NO-SKIN like NU-SKIN

~As told by Craig I. Menzies

What with the problems plaguing us today - war, violence, famine, strife, poverty - what we all desperately need is a newer, better line of skin care products.

I was converted to the proper way of regarding such things some time after my sister acquired her very own copy of "1001 Ways to Shaft the Public" and a badge proclaiming that she was an official Sales Representative for No-Skin. I suppose I should have suspected something was amiss when, at four in the morning, I was woken by the rumbling engine and grating sirens of a large truck backing into my driveway. Overcome with curiosity, I threw on my housecoat and went to look.

After pressing my face into the window for a while, I realized that the only way I would see anything would be to go outside. I shuffled back to my bedroom, and threw a quilt over my shoulders. Luke Skywalkers' Epic battle to defeat the powers of evil could be seen walking down the hall towards the front door.

Opening the door, I stumbled over something very big and very not-supposed-to-be-there. I fell face first into my mothers tulips just in time to see the truck pull around the corner and disappear in a cloud of diesel fumes. I sat up in the top soil, idly snorting the stuff out of my nasal passages as I examined the thing that had so obviously wanted to see me planted in my mothers prize winning petunias.
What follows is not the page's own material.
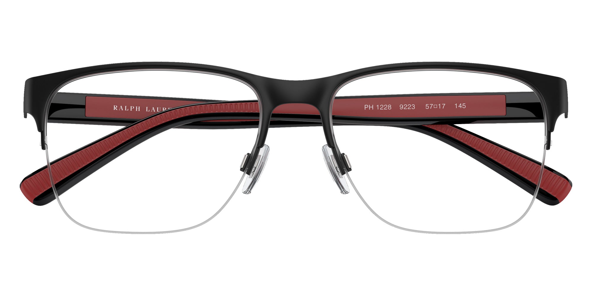 Semishiny Dark Gunmetal (9307) Eyeglasses (PH1228 9307 54) by POLO RALPH LAUREN. Size: 54-17-145, Shape: Square, Material: Metal and Injected.

There were three of them. They sat, glaring evilly, surrounded in a dense orange vapour. Under the collection of large white X's and skulls, there was a large, stencilled caption proclaiming "Property of Moammar Khaddafi."

"Ooooh, Goody! My supplies are here!!" My sisters bubbly voice screeched as she hurtled out the door, knocking me back into the soil with my new found friends - the petunias.

* * *

Several days had passed, my sister had locked herself into her bedroom with the evil looking drums with an even worse smile pasted on her face. I was sitting at the table eating a plate of "too hot even for Ghandi" nachos and guzzling several of my fathers special beer supply. I belched loudly, a large sheet of flame shooting out of my mouth. I smiled as my mother rushed into the kitchen to extinguish the fire in the bird cage, or more accurately, on the bird. She put the fire out with a few quick bursts of white foam, threw the extinguisher on the floor and cradled the rather crisp budgie in her hands.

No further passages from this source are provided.